Sumber daya panas bumi Tanah Air masih memiliki pesona yang mampu membuat sejumlah perusahaan raksasa terpincut untuk mengelolanya. Dua perusahaan raksasa asal Amerika Serikat, yakni Ormat Technologies dan Chevron tengah bersaing sengit agar bisa mengantongi izin pengelolaan wilayah kerja panas bumi atau WKP Way Ratai.
Lewat PT Ormat Geothermal Indonesia, Ormat berhadapan intens dengan PT Pertamina Geothermal Energy (PGEO) atau PGE yang berkonsorsium dengan Chevron Geothermal untuk memperebutkan izin panas bumi atau (IPB) pada WKP dengan luasan wilayah 70.710 hektare tersebut.
Akhirnya dalam perebutan ini WKP ini, Kementerian Energi dan Sumber Daya Mineral (ESDM) menetapkan konsorsium PT Pertamina Geothermal Energy (PGEO) atau PGE dan PT Jasa Daya Chevron (Chevron Geothermal) sebagai pemenang lelang wilayah kerja panas bumi (WKP) Way Ratai, Lampung. Ketetapan itu tertuang dalam Keputusan Menteri ESDM Nomor 118.K/EK.01/MEM.W/2023 tanggal 12 Juni 2023 Tentang Pemenang Pelelangan Wilayah Kerja Panas Bumi di Daerah Way Ratai.
“Pemenang pelelangan wajib melaksanakan kewajiban sesuai peraturan perundang-undangan,” tulis Direktur Jenderal Energi Baru, Terbarukan dan Konservasi Energi (EBTKE) Dadan Kusdiana lewat keterangan resmi, Rabu (21/6/2023).
Dalam pelelangan itu, konsorsium PGEO dan Chevron Gheotermal menyiapkan besaran komitmen eksplorasi mencapai 28,85 juta dollar AS atau setara dengan Rp 431,01 miliar, (asumsi kurs Rp15.134 per dolar AS).
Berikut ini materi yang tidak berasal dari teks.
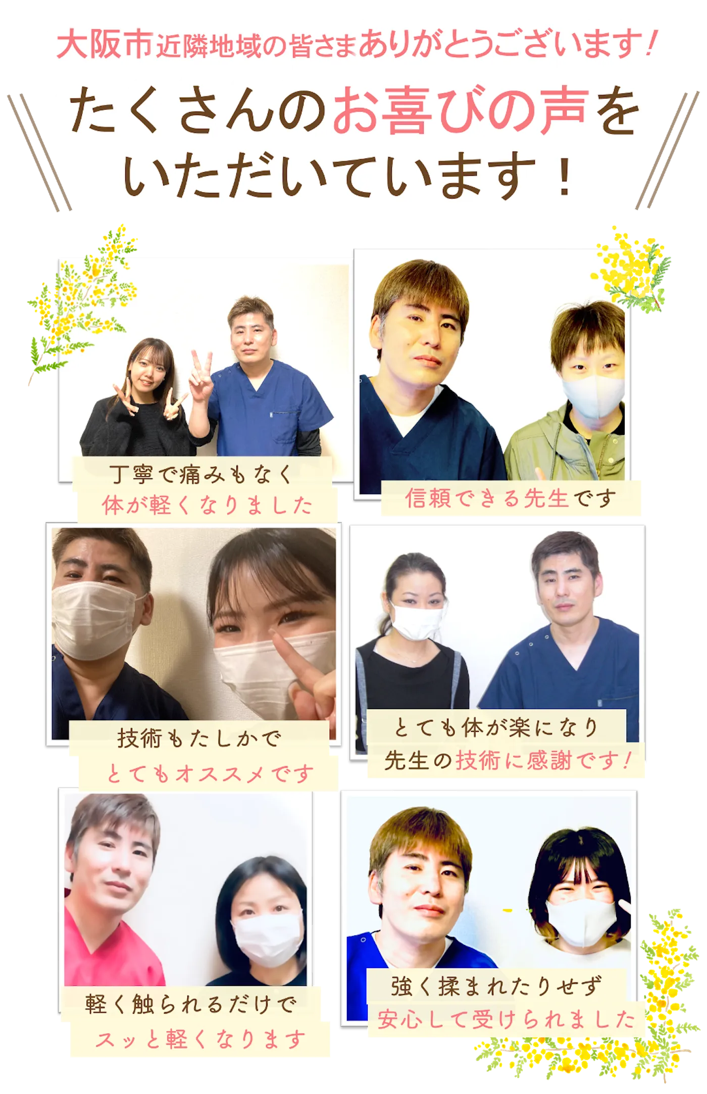 もちろん腰痛・肩こり・身体の不調など「楽になるという結果」にこだわった施術を心がけています。
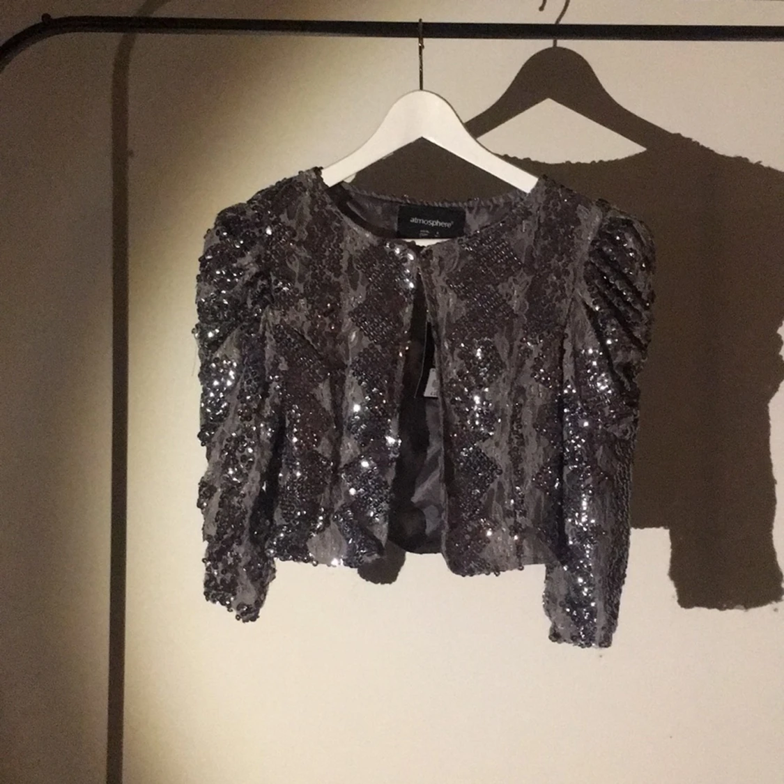 Snygg jacka/kavaj i paljett, köpt i London! Säljes billigt, 30kr+frakt⭐️⭐️⭐️
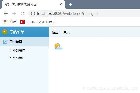 <%-- Created by IntelliJ IDEA. User: Administrator Date: 2020/7/6 0006 Time: 12:11 To change this template use File | Settings | File Templates. --%> <%@ page contentType="text/html;charset=UTF-8" language="java" %> <html> <head> <meta http-equiv="Content-Type" content="text/html; charset=utf-8" /> <title>信息管理系统界面</title> </head> <frameset rows="*,31" cols="*" frameborder="no" border="0" framespacing="0"> <frameset cols="187,*" frameborder="no" border="0" framespacing="0"> <frame src="left.jsp" name="leftFrame" scrolling="No" noresize="noresize" id="leftFrame" title="leftFrame" /> <frame src="index.jsp" name="rightFrame" id="rightFrame" title="rightFrame" /> </frameset> <frame src="footer.jsp" name="bottomFrame" scrolling="No" noresize="noresize" id="bottomFrame" title="bottomFrame" /> </frameset> <noframes><body> </body></noframes> </html>
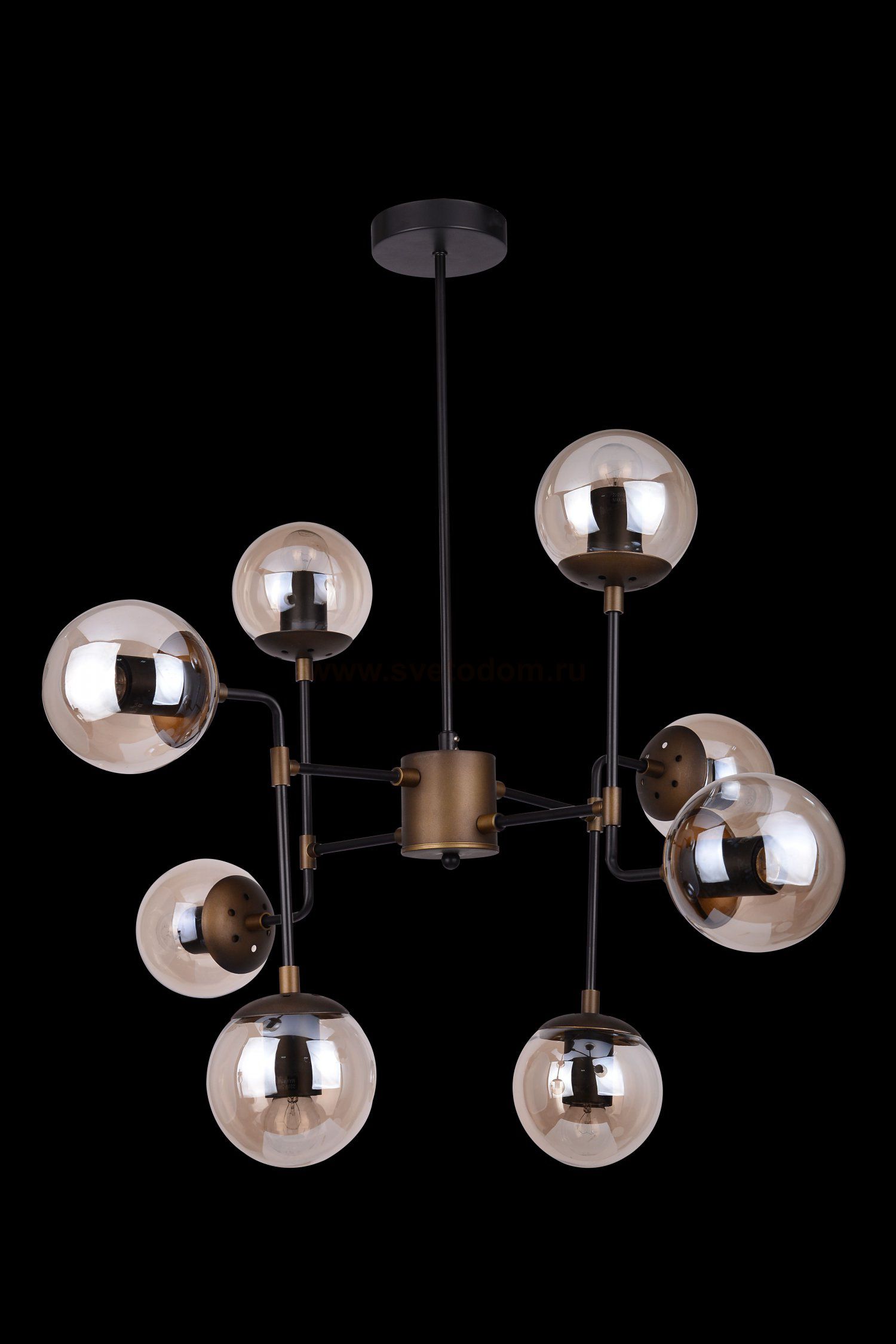 Люстра потолочная на штанге 3009/03/08P Stilfort, серия Ramo, цвет арматуры- черный и золото, цвет плафонов - прозрачный, лампы - 8*E27*40W, материал арматуры - металл, материал плафонов - стекло

Besaran komitmen konsorsium yang dipimpin perusahaan panas bumi Pertamina itu lebih tinggi dari yang ditawarkan kompetitor lelang, PT Ormat Geothermal Indonesia. Adapun, perusahaan spesialis panas bumi Amerika Serikat itu menyanggupi komitmen eksplorasi di angka 25,1 juta dollar AS atau setara dengan Rp374,99 miliar.
“Bagi peserta lelang yang merasa dirugikan baik secara sendiri ataupun bersama-sama peserta lainnya, dapat menyampaikan sanggahan secara tertulis atas hasil pelelangan yang ditujukan kepada Menteri ESDM dalam waktu paling lama 5 hari kerja setelah tanggal pengumuman ini,” tulis Dadan.
Adapun, pengumuman pemenang lelang itu menggunakan nomor surat 13.Pm/Ek.04/DJE.P/2023 yang diteken Dadan pada 19 Juni 2023. Pengumuman lelang itu menjadi penting untuk melanjutkan proses pengembangan lapangan potensial yang sempat terbengkalai dalam waktu yang terbilang lama sebelumnya.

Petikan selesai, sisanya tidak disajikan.